Exercise —
Omitting any pictures, transcribe the entries below exactly.

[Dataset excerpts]
--------------------------------

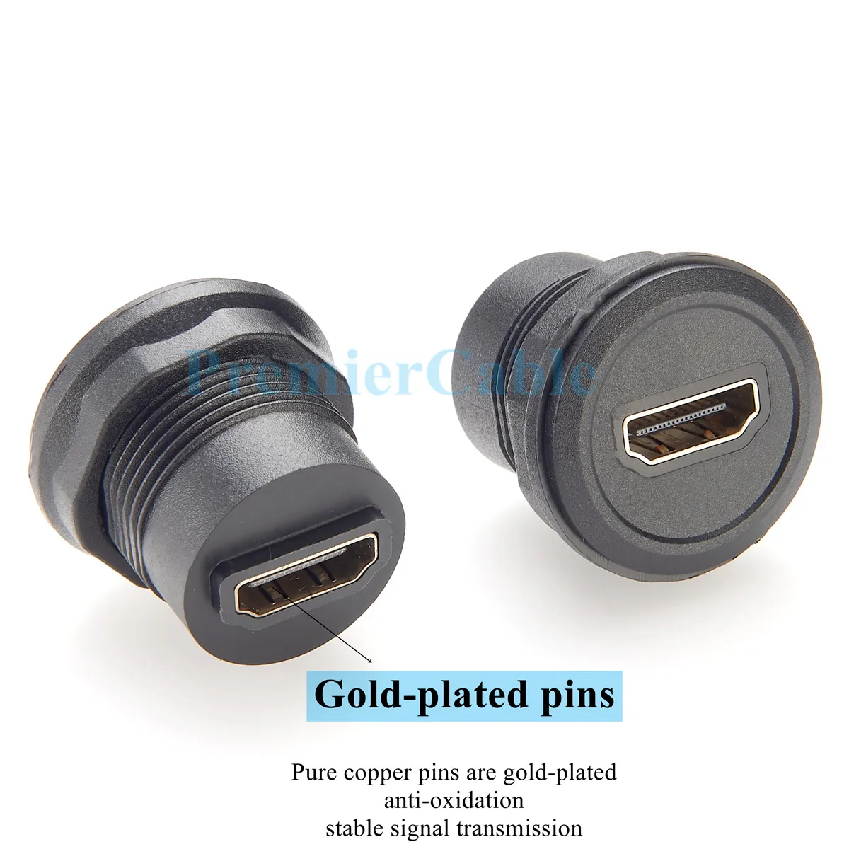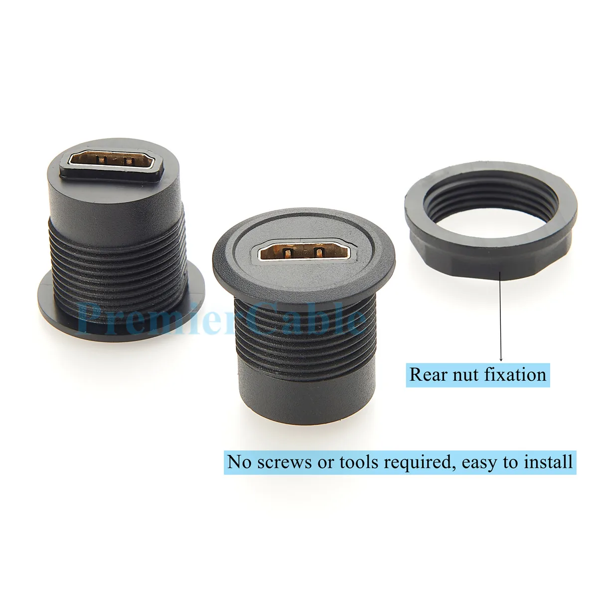 Experience the reliability and sleek design of this HDMI female-to-female gender changer, perfect for professional AV setups or home entertainment. Crafted from durable zinc alloy with a scratch-resistant finish, it offers a modern, professional aesthetic. The compact cylindrical shape features gold-plated ports, ensuring excellent conductivity and corrosion resistance. Its threaded rear section with grooved detailing provides a secure fit into panel cutouts measuring 25mm, making installation straightforward and stable. The PVC jacket with a pure copper core guarantees high-quality digital signal transmission, supporting 4K resolution at 30Hz and uncompressed stereo sound. This adapter allows you to extend or join HDMI cables effortlessly, providing a fuss-free experience for high-definition video and audio. Designed for versatility, it’s ideal for use in studio, live performance, or home AV systems, ensuring a reliable and high-performance connection every time.
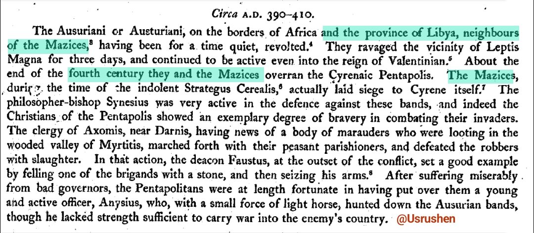 ▪︎ثم على حسب ما ذكره نفس المصدر عاود الامازيغ [المازيس] نفس الموضوع [3] و هذا يعني وجود المصطلح في ليبيا ، و صاحب هذا المصدر يتكلم عن برقة ليبيا الذي اهتم لتاريخ المنطقة الليبية ، و هذه النصوص التي تذكر المازيس او الامازيغ أو #إيمازيغن بنطقنا الأمازيغي يؤكد قدمه و عراقته!
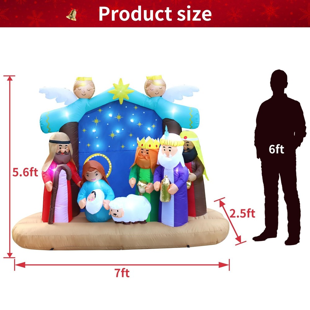 Premium Quality Fabric: Made from strong 210T polyester, ensuring long-lasting use and resistance to wear and tear. Illuminated Nativity Scene: Features 17 LED lights and a copper string light set, creating a bright and festive display that captures the essence of Christmas. Complete Setup Kit: Includes an air blower, stakes, ropes, and water bags for easy and secure setup in any outdoor or indoor space.In order to ensure smooth inflation, it is recommended to inflate at a standard voltage. Detailed Design: The nativity scene depicts the birth of Jesus, with detailed inflatable characters including Mary, Joseph, Baby Jesus, three wise men, two angels, and a sheep. Generous Size: Measures 7ft long and 5.6ft high, making it a striking and noticeable centerpiece for your holiday decorations.
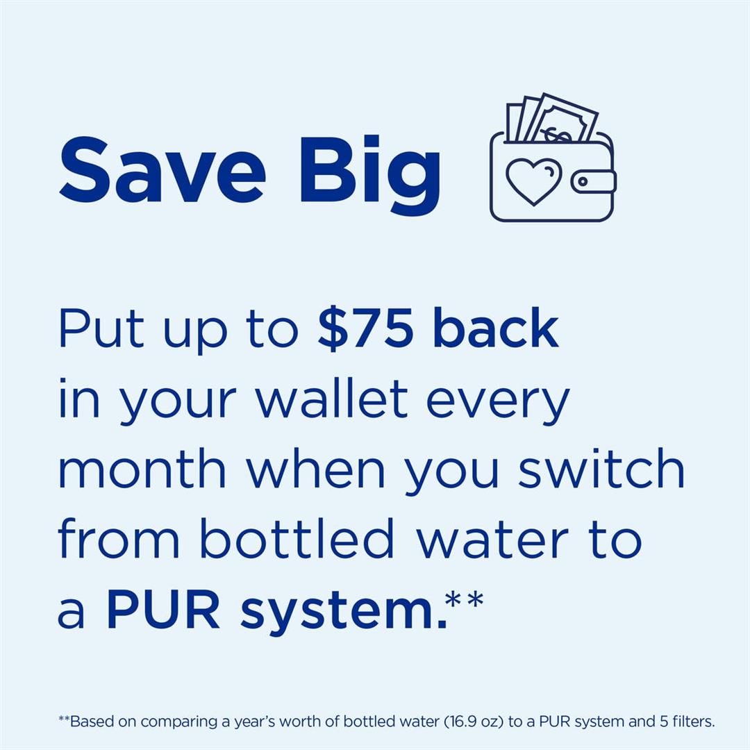Certified to reduce 70 contaminants including Lead, 10x more contaminants than Britas leading pitcher filter.*,** Easy to attach tool-free installation. Filters water over natural minerals for great taste. Filter Change Light indicator alerts you when the filter needs replacing. Easily switch to filtered mode when you want cleaner, great-tasting water. Filter provides up to 100 gallons of filtered water or 3 months of typical use. Compatible with standard faucets. Not for use with pull-out or hand-held faucets. Use only genuine PUR Filters, which are independently certified and tested. Be cautious of generic and private label brand off-brand filters. They are not tested or certified to filter the same as PUR filters. PUR filters are the only filters certified to reduce contaminants when used with PUR systems. 1 Be sure its PUR.
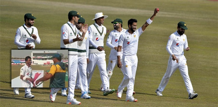 لنچ بریک کے بعد نئی گیند ملتے ہی حسن علی اور شاہین شاہ آفریدی نے شاندار بولنگ کرتے ہوئے بازی پلٹ دی۔ نئی گیند کے ساتھ 15 اوورز میں ہی 7 وکٹیں حاصل کر کے ٹیم کو فتح دلوا دی۔
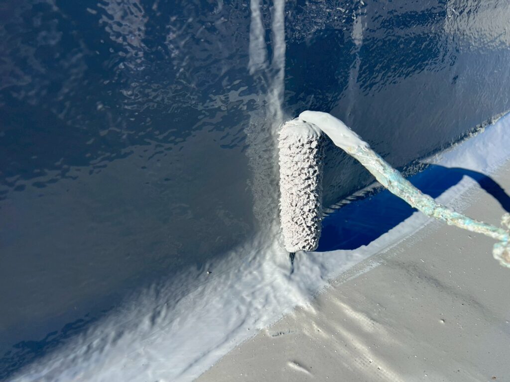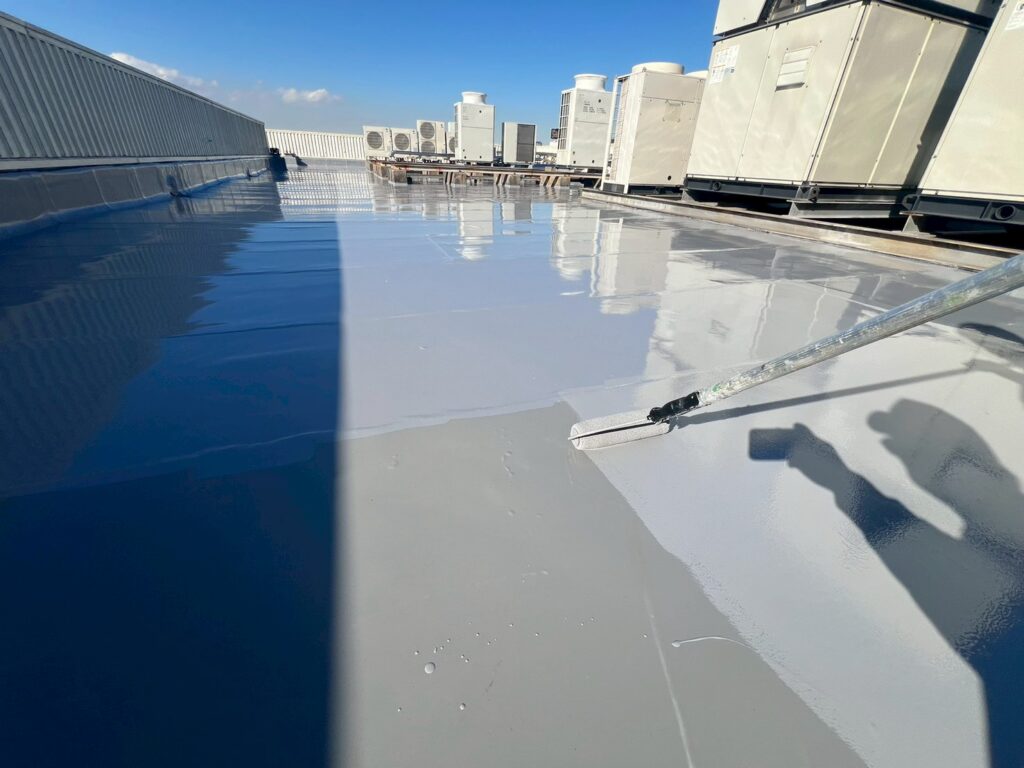前回までの工程を経て、今回はウレタン防水の二層目施工を行いました!

--------------------------------

Output for this task —
 Experience the reliability and sleek design of this HDMI female-to-female gender changer, perfect for professional AV setups or home entertainment. Crafted from durable zinc alloy with a scratch-resistant finish, it offers a modern, professional aesthetic. The compact cylindrical shape features gold-plated ports, ensuring excellent conductivity and corrosion resistance. Its threaded rear section with grooved detailing provides a secure fit into panel cutouts measuring 25mm, making installation straightforward and stable. The PVC jacket with a pure copper core guarantees high-quality digital signal transmission, supporting 4K resolution at 30Hz and uncompressed stereo sound. This adapter allows you to extend or join HDMI cables effortlessly, providing a fuss-free experience for high-definition video and audio. Designed for versatility, it’s ideal for use in studio, live performance, or home AV systems, ensuring a reliable and high-performance connection every time.
 ▪︎ثم على حسب ما ذكره نفس المصدر عاود الامازيغ [المازيس] نفس الموضوع [3] و هذا يعني وجود المصطلح في ليبيا ، و صاحب هذا المصدر يتكلم عن برقة ليبيا الذي اهتم لتاريخ المنطقة الليبية ، و هذه النصوص التي تذكر المازيس او الامازيغ أو #إيمازيغن بنطقنا الأمازيغي يؤكد قدمه و عراقته!
 Premium Quality Fabric: Made from strong 210T polyester, ensuring long-lasting use and resistance to wear and tear. Illuminated Nativity Scene: Features 17 LED lights and a copper string light set, creating a bright and festive display that captures the essence of Christmas. Complete Setup Kit: Includes an air blower, stakes, ropes, and water bags for easy and secure setup in any outdoor or indoor space.In order to ensure smooth inflation, it is recommended to inflate at a standard voltage. Detailed Design: The nativity scene depicts the birth of Jesus, with detailed inflatable characters including Mary, Joseph, Baby Jesus, three wise men, two angels, and a sheep. Generous Size: Measures 7ft long and 5.6ft high, making it a striking and noticeable centerpiece for your holiday decorations.
Certified to reduce 70 contaminants including Lead, 10x more contaminants than Britas leading pitcher filter.*,** Easy to attach tool-free installation. Filters water over natural minerals for great taste. Filter Change Light indicator alerts you when the filter needs replacing. Easily switch to filtered mode when you want cleaner, great-tasting water. Filter provides up to 100 gallons of filtered water or 3 months of typical use. Compatible with standard faucets. Not for use with pull-out or hand-held faucets. Use only genuine PUR Filters, which are independently certified and tested. Be cautious of generic and private label brand off-brand filters. They are not tested or certified to filter the same as PUR filters. PUR filters are the only filters certified to reduce contaminants when used with PUR systems. 1 Be sure its PUR.
 لنچ بریک کے بعد نئی گیند ملتے ہی حسن علی اور شاہین شاہ آفریدی نے شاندار بولنگ کرتے ہوئے بازی پلٹ دی۔ نئی گیند کے ساتھ 15 اوورز میں ہی 7 وکٹیں حاصل کر کے ٹیم کو فتح دلوا دی۔
前回までの工程を経て、今回はウレタン防水の二層目施工を行いました!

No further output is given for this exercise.